- **WHAT IS NEEDED**:
All entries below need to be written out exactly, but without their pictures.
────────────────
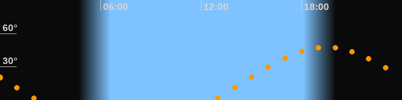 | Aufgang | 12:43 Uhr im Osten (αAz = 76°) |
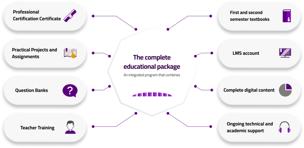 Since the traditional computer curriculum is no longer sufficient, we offer an advanced alternative based on applied textbooks, supported by a digital platform and practical experiences, to enable students to acquire real skills and begin their journey into the job market early in the following fields:
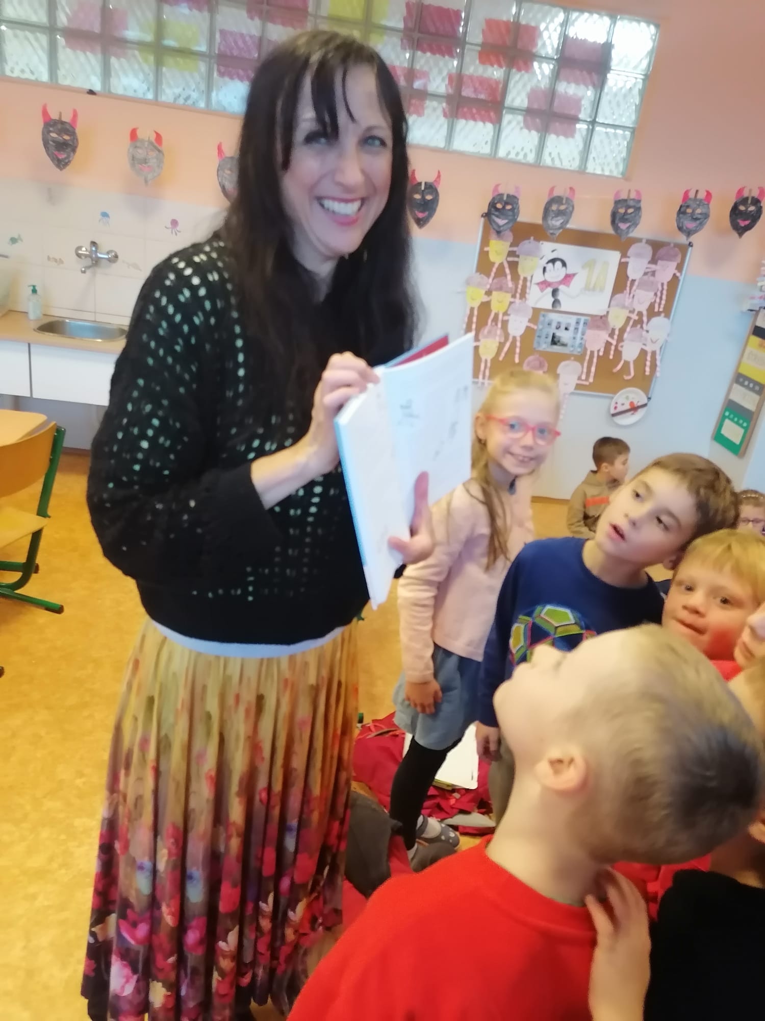 Děti byly z paní Kataríny tak nadšené, že se jí ani nechtěly nechat odejít. A protože byla atmosféra skvělá, některé knížky dětem dokonce věnovala. 💛
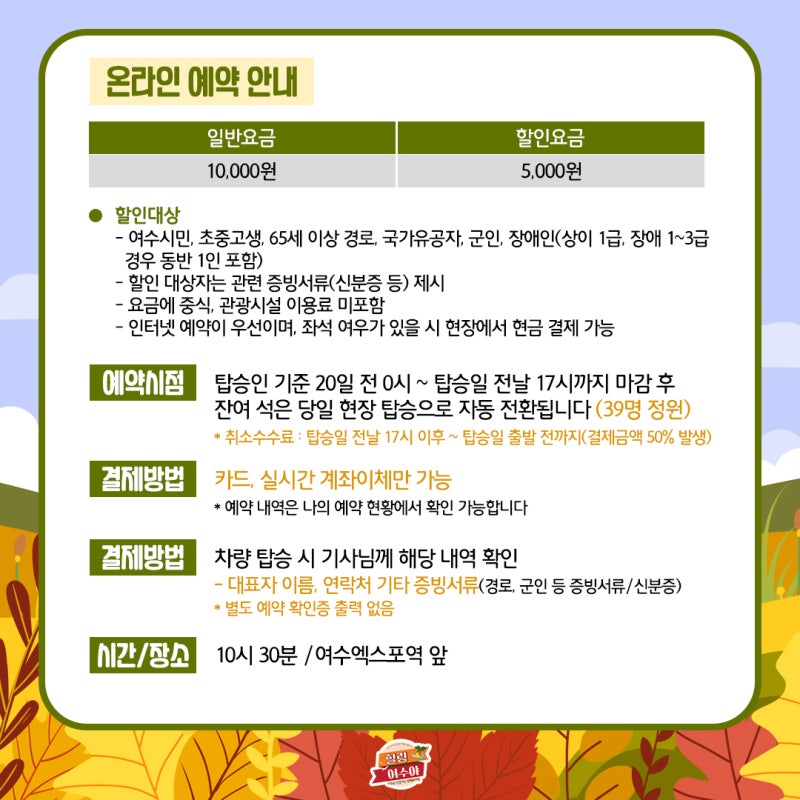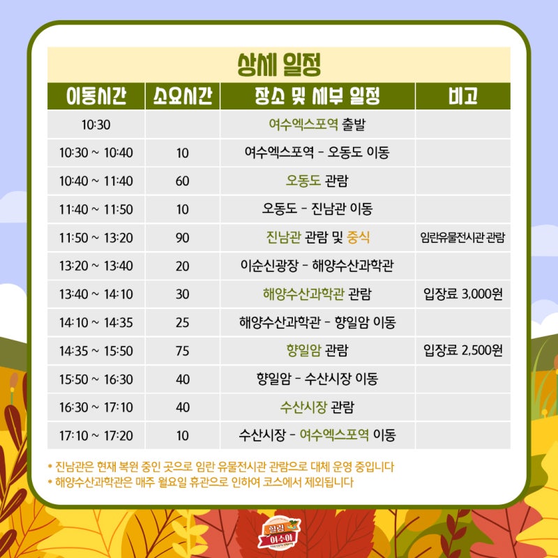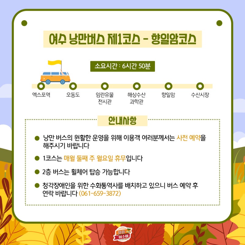 가을의 낭만 여수로 향하는 낭만버스 1코스(향일암코스)
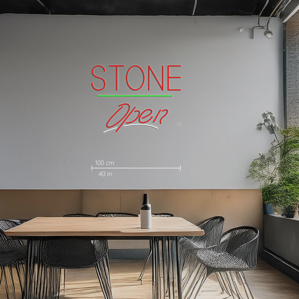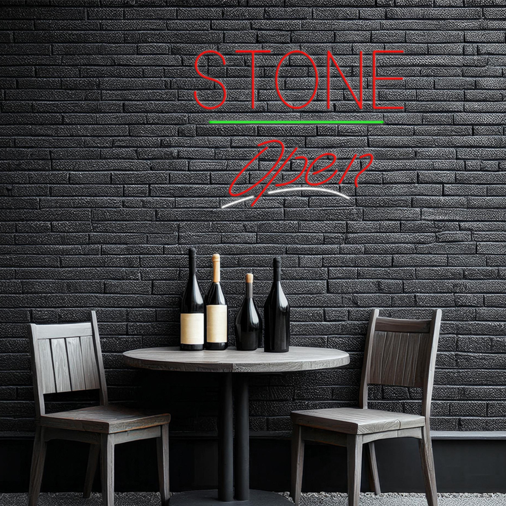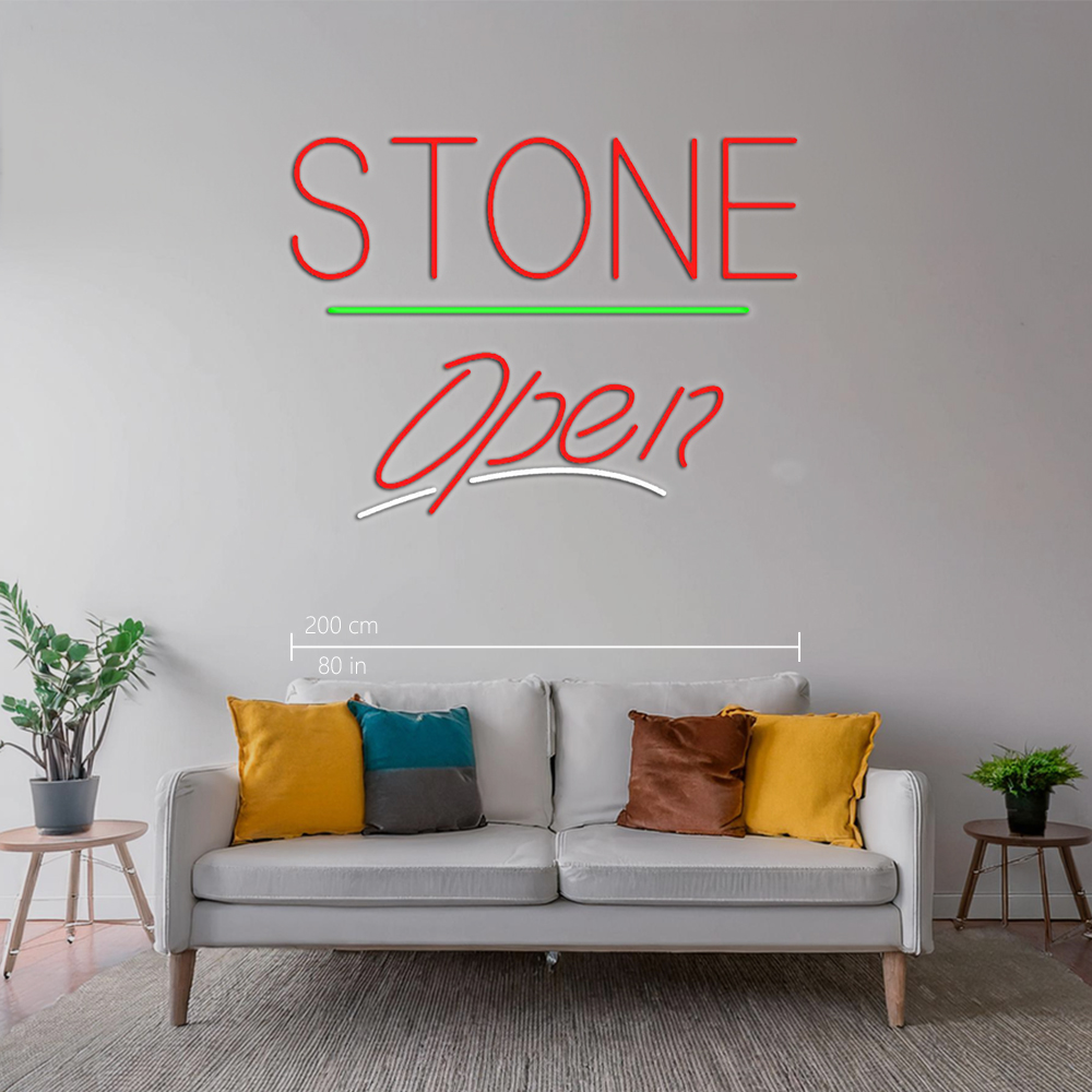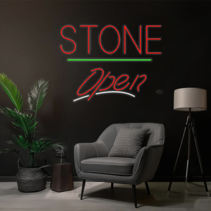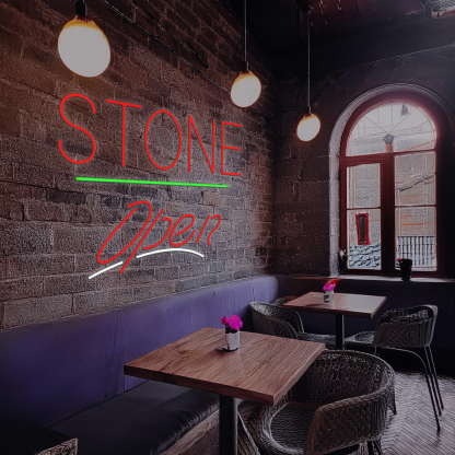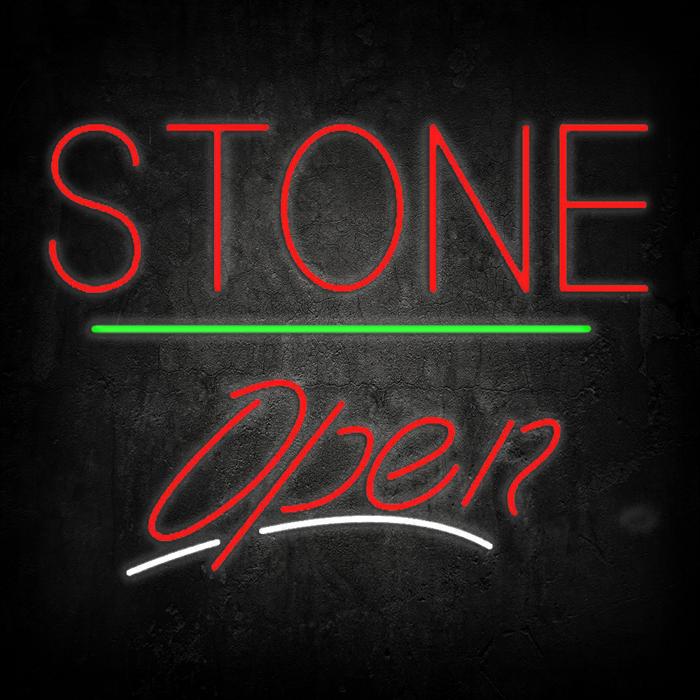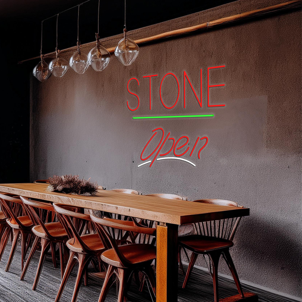 Stone Script Open Green Line Handmade Art Neon Sign
────────────────
- **SOLVED EXERCISE**:
 | Aufgang | 12:43 Uhr im Osten (αAz = 76°) |
 Since the traditional computer curriculum is no longer sufficient, we offer an advanced alternative based on applied textbooks, supported by a digital platform and practical experiences, to enable students to acquire real skills and begin their journey into the job market early in the following fields:
 Děti byly z paní Kataríny tak nadšené, že se jí ani nechtěly nechat odejít. A protože byla atmosféra skvělá, některé knížky dětem dokonce věnovala. 💛
 가을의 낭만 여수로 향하는 낭만버스 1코스(향일암코스)
 Stone Script Open Green Line Handmade Art Neon Sign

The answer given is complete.